Minab, Iran - Human Rights Watch has called for the US and Israel's deadly attack on an Iranian elementary school late last month to be investigated as a war crime.
On February 28, at least 175 people – many of them children – were killed when missiles fell on the Shajareh Tayyebeh Primary School in the town of Minab in southern Iran. The massacre came alongside wider US and Israeli strikes across the country.
President Donald Trump has sought to blame Iran for the strike on the school, without providing evidence.
Analyses by CNN and The New York Times found the US was most likely responsible for the attack. Two US officials told Reuters on condition of anonymity that military investigators believed the same.
HRW has since reviewed videos and photos on social media, satellite images, statements by the Iranian Red Crescent Society and US, Israeli, and Iranian government officials, as well as independent media reports on the attack.
The organization found "the attack was carried out by highly accurate, guided munitions, rather than errant weapons whose guidance or propulsion systems failed or were otherwise disrupted and randomly struck the area."
"A prompt and thorough investigation is needed into this attack, including if those responsible should have known that a school was there and that it would be full of children and their teachers before midday," said Sophia Jones, an open source researcher with HRW's Digital Investigations Lab.
"Those responsible for an unlawful attack should be held to account, including prosecutions of anyone responsible for war crimes."
US and Israel accused of violating laws of war
HRW found that the school was located on the interior border of an Islamic Revolutionary Guard Corps Naval Forces compound, but that it had its own entrance and was separated from the rest of the compound by an inner wall.
"The school's location within the IRGC Naval Force's compound did not, in and of itself, make the school a legitimate target. The school was in use, and children were in attendance on the day of the attack," HRW said.
"Human Rights Watch found no evidence that would indicate that the school was being used for military purposes, though researchers were not able to speak to witnesses of the strikes, families of those killed, or other informed sources."
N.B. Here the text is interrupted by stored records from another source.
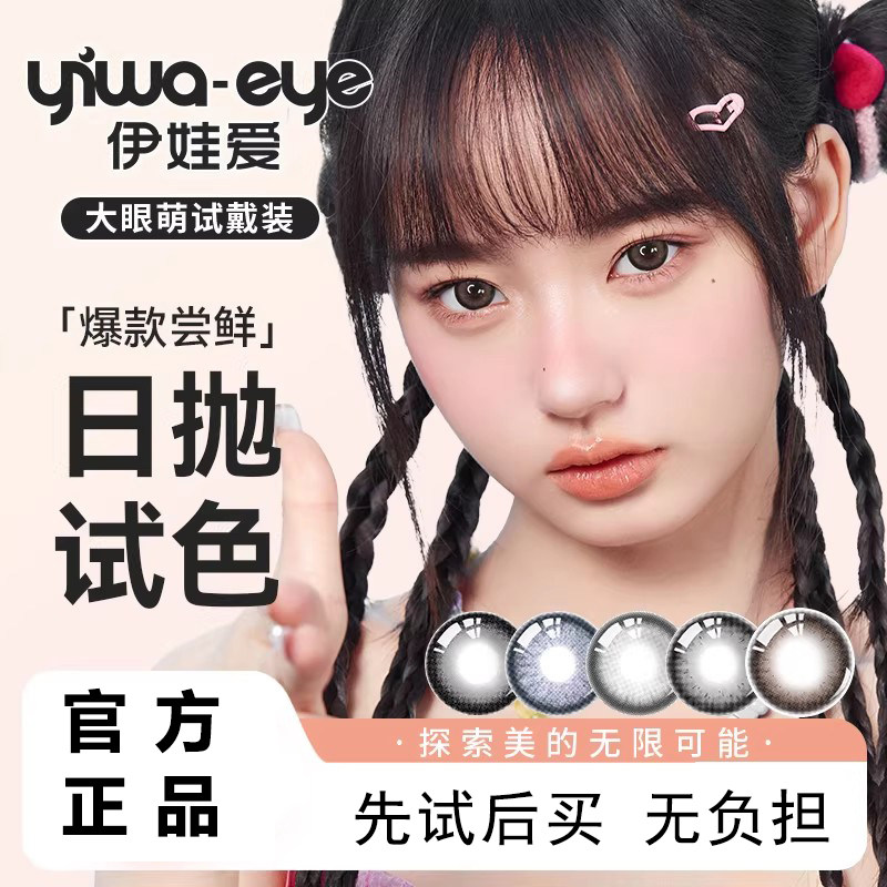 1试用 伊娃爱日抛美瞳试色2片装杏仁奶糖次抛
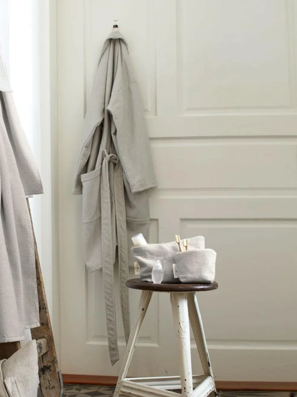 - mit Bindegürtel und Taschen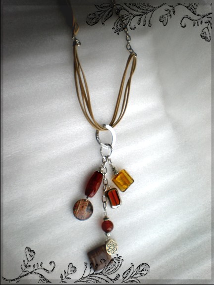This lariat type necklace has a mix of metal and clear beads made by Papemelroti designer Meldy.  A leather cord holds it all together.  Here's the full view...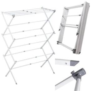 Composição: Ferro e PP Polipropileno Peso Aproximado: 2 kg Dimensões Montado: Altura: 103 cm Comprimento: 37 cm Largura: 40 cm Dimensões Fechado: 43 cm x 51 cm Cor: Branco e Cinza Capacidade: Suporta até 10 kg de roupas úmidas Varetas: 11 varetas extensíveis

HRW said the laws of war bar attacks on military targets in cases in which the anticipated harm to civilians and civilian objects is disproportionate to the military gain.
The organization is calling for both an independent investigation into the attack, and for the US to assess its responsibility and make the findings public.
"Allies of the US and Israel should insist on accountability for the Shajareh Tayyebeh school attack and for an end to attacks on civilian infrastructure in all of their operations across the region, before more civilians, including children, are unlawfully killed," Jones insisted.